Task directions:
Extract the whole listing as it stands. Do not include the pictures.

Given information:

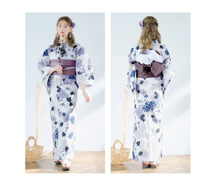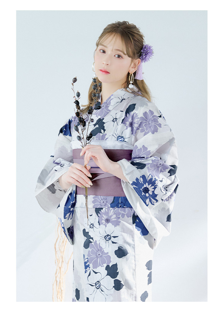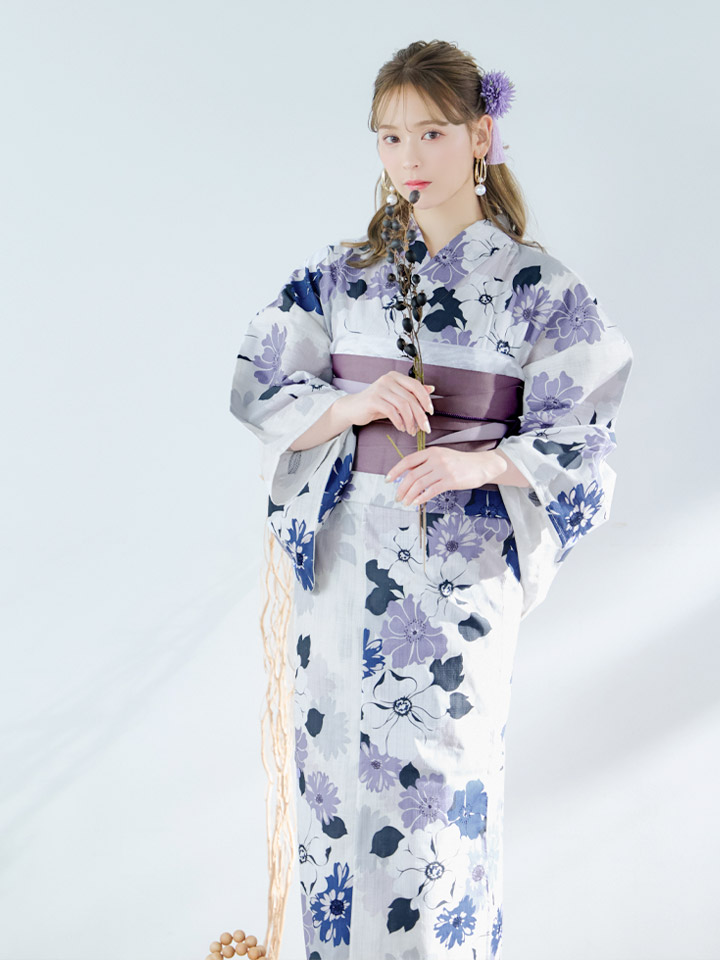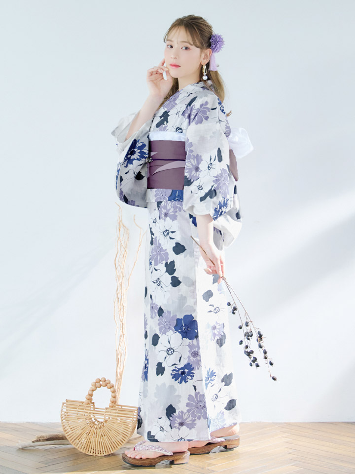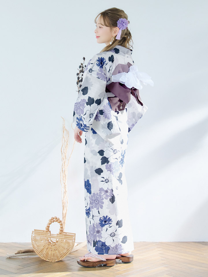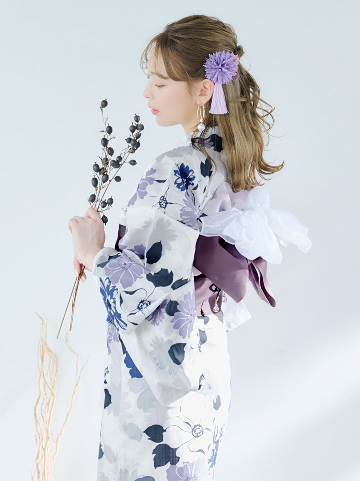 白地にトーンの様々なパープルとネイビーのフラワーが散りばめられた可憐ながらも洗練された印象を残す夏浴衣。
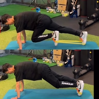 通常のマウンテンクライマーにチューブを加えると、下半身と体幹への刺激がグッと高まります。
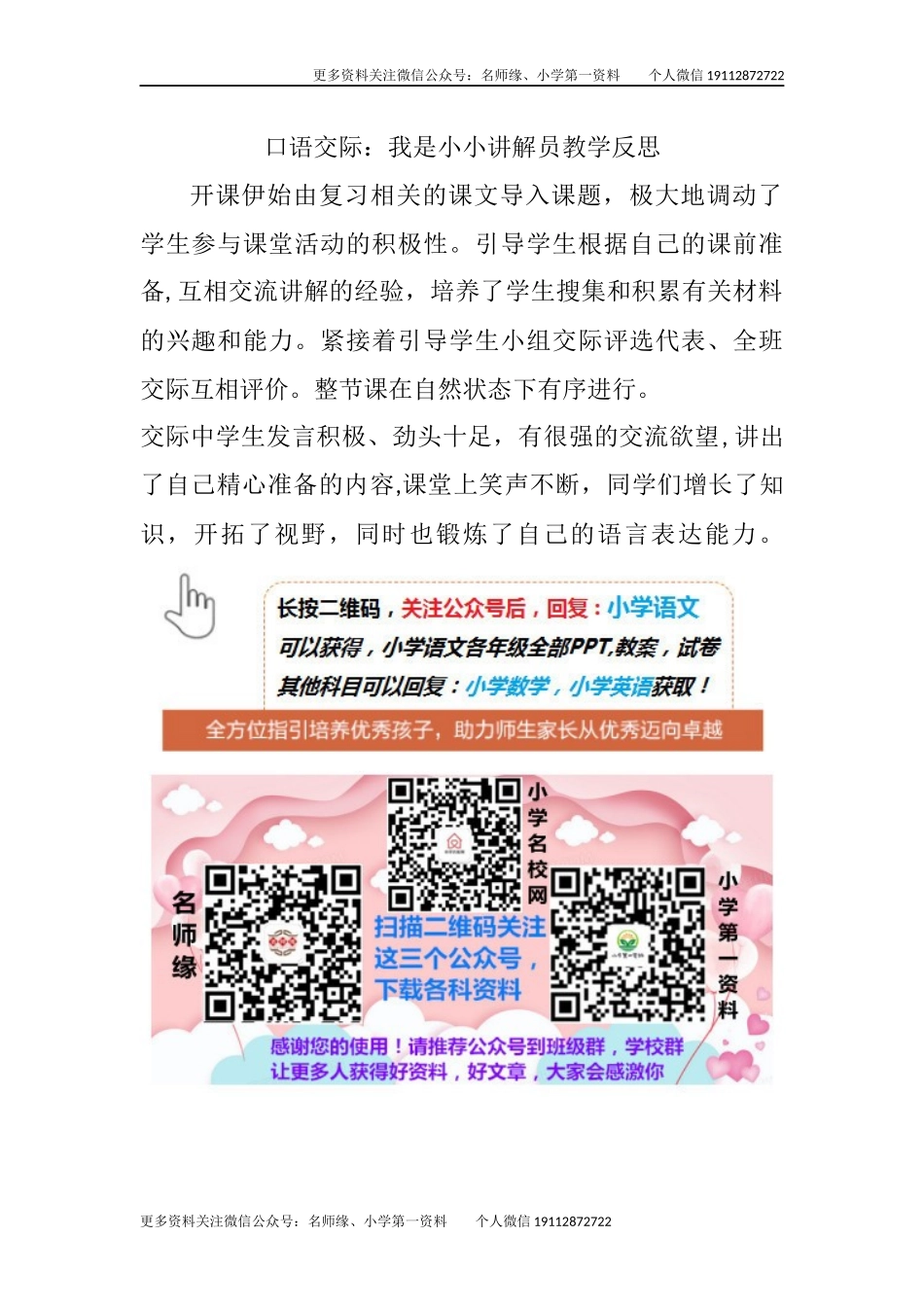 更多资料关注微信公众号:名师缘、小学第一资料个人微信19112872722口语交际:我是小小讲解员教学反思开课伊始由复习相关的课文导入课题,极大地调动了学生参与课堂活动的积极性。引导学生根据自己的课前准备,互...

Solution to this exercise:
 白地にトーンの様々なパープルとネイビーのフラワーが散りばめられた可憐ながらも洗練された印象を残す夏浴衣。
 通常のマウンテンクライマーにチューブを加えると、下半身と体幹への刺激がグッと高まります。
 更多资料关注微信公众号:名师缘、小学第一资料个人微信19112872722口语交际:我是小小讲解员教学反思开课伊始由复习相关的课文导入课题,极大地调动了学生参与课堂活动的积极性。引导学生根据自己的课前准备,互...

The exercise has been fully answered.